My grandmother, Sarah Lilah Lindsay, passed away over the holidays. We had a complex relationship. She gave me two things I live with every day: my name and my bipolar disorder. Unfortunately, her illness went misdiagnosed until her early 80s, when my father brought it to the attention of the staff in her nursing home. When I had my first depressive episode and my family and I learned more about mood disorders, and especially bipolar disorder, some things long since misunderstood about my grandmother became clearer.
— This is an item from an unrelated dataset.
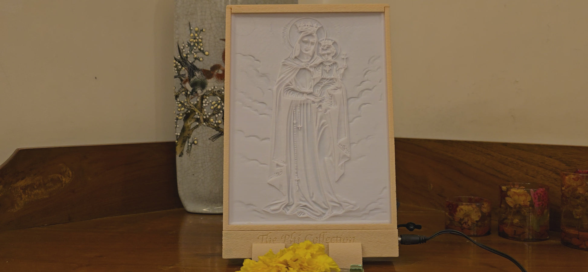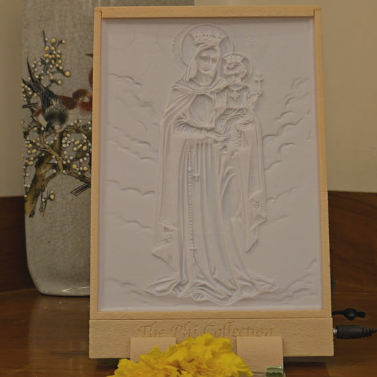 This lithograph depicts Mary Help of Christians, gracefully standing with the Child Jesus in her arms, both crowned as a symbol of their divine authority. The intricate details of Mary’s flowing robes, the rosary at her side, and the heavenly clouds surrounding them highlight the sanctity of the image. The Child Jesus, holding a small cross, radiates innocence and blessing. Illuminated within its handcrafted frame, this piece exudes a sense of reverence, hope, and protection, making it a sacred centerpiece for prayer and devotion.

For 80 years, the only phrase she had to describe her struggle was “my nerves are bothering me”: a blanket statement that no one, not even she, understood.
She was a big lady; she was the life of the party; she was the loudest voice in a choir; she had the biggest opinion in the room. Growing up in a Protestant household in Northern Ireland, she was at once conservative in her ideas of success and class while also far from the stereotype of what a housewife should be. Although she could knit with her eyes closed and bake anyone under the table, she was also a businesswoman and a fierce fighter.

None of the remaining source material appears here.